I agree with Mosca in that there is really no need to pre-soak Rancho Gordo beans because they are fresher than anything you get from the grocery. If you do choose to soak them, though, discard the soaking water to get rid of any lectins*.
Soaked or not, you should, however, give them a good hard boil for at least 10 minutes followed by a gentle boil for 20 more minutes or so to kill off any remaining lectins, which are more prevalent in kidney beans than any other bean, but cannellinis like Marcellas apparently have higher lectin contents than some other beans. All dried beans have varying amounts of lectins depending on the bean variety.
I use this 10+20 min boiling method (before simmering until done) for cooking any dried bean for my family, to be safe, or I cook them in the Instant Pot, whose high heat takes care of the lectins in even unsoaked beans.
FWIW, this is what the FDA says about cooking dried beans to get rid of lectins:
Soaking the beans for a minimum of 5 hours and then boiling them in fresh water for at least 30 minutes will remove and destroy this toxin.
Deep Dive into lectins. (Best read during long commercials on TV. ):
*lectins = proteins that bind to carbohydrates. The same features that lectins use to defend plants in nature may cause problems during human digestion. When consumed, lectins in their active state can cause negative side effects. The most publicized accounts report severe reactions in people eating even small amounts of raw or undercooked kidney beans. They contain phytohaemagglutinin, a type of lectin that can cause red blood cells to clump together. It can also produce nausea, vomiting, stomach upset, and diarrhea. [2] Milder side effects include bloating and gas. (Source: https://nutritionsource.hsph.harvard...ients/lectins/)
Cooking, especially with wet high-heat methods like boiling or stewing, or soaking in water for several hours, can inactivate most lectins. [6] Lectins are water-soluble and typically found on the outer surface of a food, so exposure to water removes them. An example is dried beans. To prepare them for eating, they are soaked for several hours and then boiled for several more hours to soften the bean, which disables the action of lectins. Canned beans are cooked and packaged in liquid, so they are also low in lectins. However, raw beans simmered at low heat such as in a slow-cooker or undercooking the beans will not remove all the lectins. (Source: https://nutritionsource.hsph.harvard...ients/lectins/)

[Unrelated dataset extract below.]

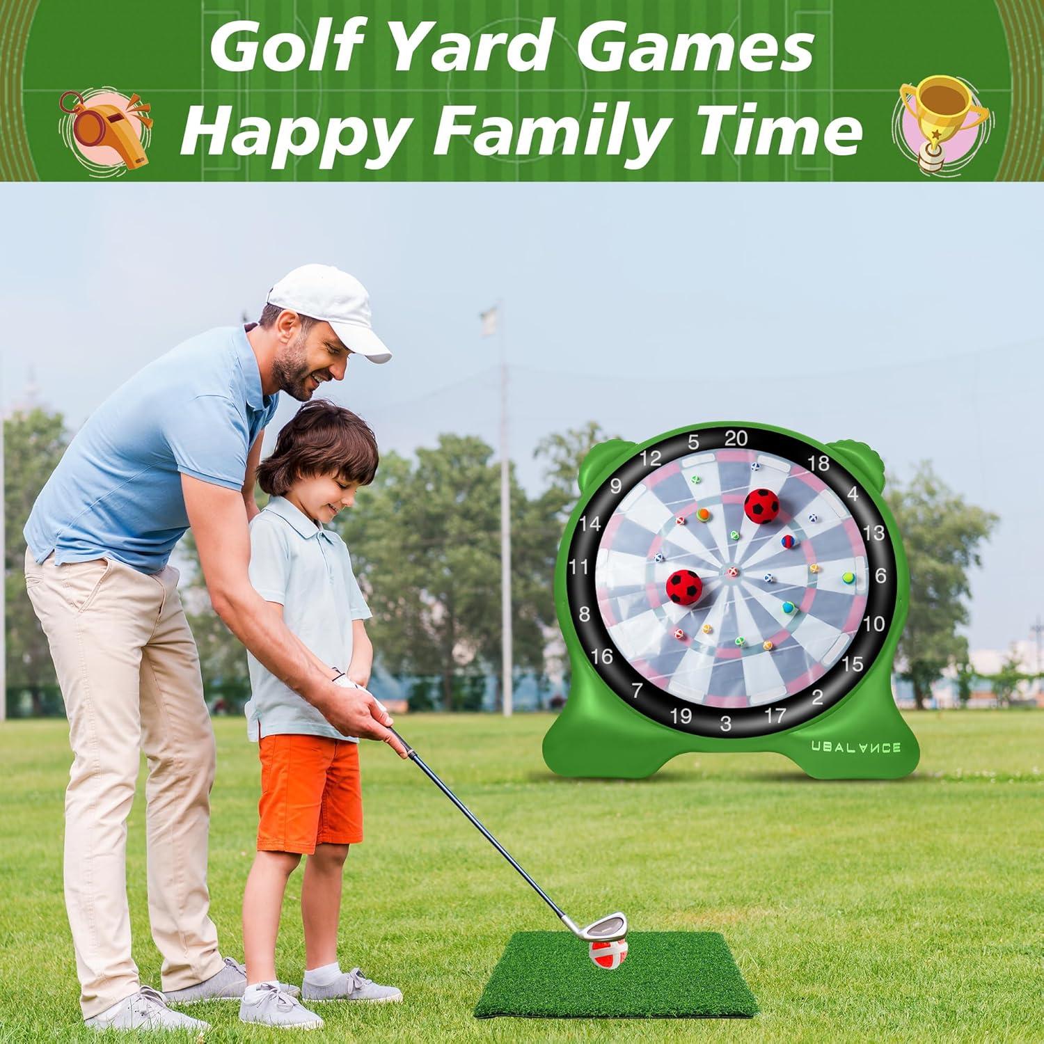 UBALANCE Giant Inflatable Dart Board, Outdoor Dartboard Yard Games for Adults, Family Sports, Sticky Kick Balls, Soccer, Tennis, Soft Darts, Golf, Party Fun Carnival Games

Aren't you sorry you asked?
Kathryn
Oh, you sweet summer child… $40 of Rancho Gordo beans and you still thinking like they’re store-brand pintos in a dusty sack from aisle 8? 😆
You just joined the RG cult... congratulations! That $10/bag initiation fee? Non-refundable, even if your rice finishes before your beans do. 😂
Now, real talk:
Soak or not, these beans don’t play by your clock. They’re fresh, high-quality heirloom beans, that “1 to 3 hours” is their way of saying “don’t you dare try to rush us.” If you soak 4–6 hours, expect them done closer to 45–90 mins. If you skip the soak, set aside a podcast, a beverage, and your expectations...

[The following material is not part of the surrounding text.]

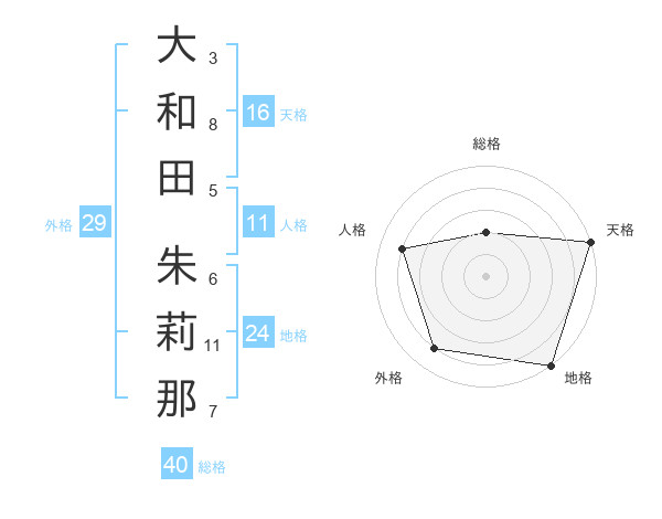 大和田 朱莉那さんを姓名の画数から五運を鑑定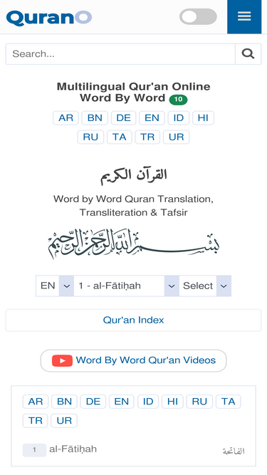 87%the holy qur'an multilingual qur'an online word by word al-quran translation, transliteration & tafsir in 10 languages: arabic, bangla/bengali, deutsch/german, english,hindi, indonesia, russian, tamil, türkçe & urdu. - quran o

If you don't soak, you're gambling with time like you're at Vegas. Might be 90 mins, might be 2.5 hours. They’ll get there, just don’t try to schedule your life around them. Let the beans lead, you're just along for the ride...
Reuse the water if you want flavor. That’s where the soul lives. But don’t come crying if someone tells you it’s full of “anti-nutrients” or whatever. Flavor > fear.
Make that red beans and rice with reverence. You’re not just cooking — you’re performing a bean rite of passage. Welcome to the club. No turning back now. 😎
Large Big Green Egg, Weber Performer Deluxe, Weber Smokey Joe Silver, Fireboard Drive, 3 DigiQs, lots of Thermapens, and too much other stuff to mention.
I don’t soak the any more, either. I do a 2-5 minute hard boil, then reduce the heat to simmer, and start checking them at around an hour. They’re never done that quickly, but I can get a sense of how quickly the cook is moving along.
Got plans tonight? Cancel them if so. I will be cooking the red beans and rice this evening!!! Stay tuned for all the fascinating results and commentary to follow!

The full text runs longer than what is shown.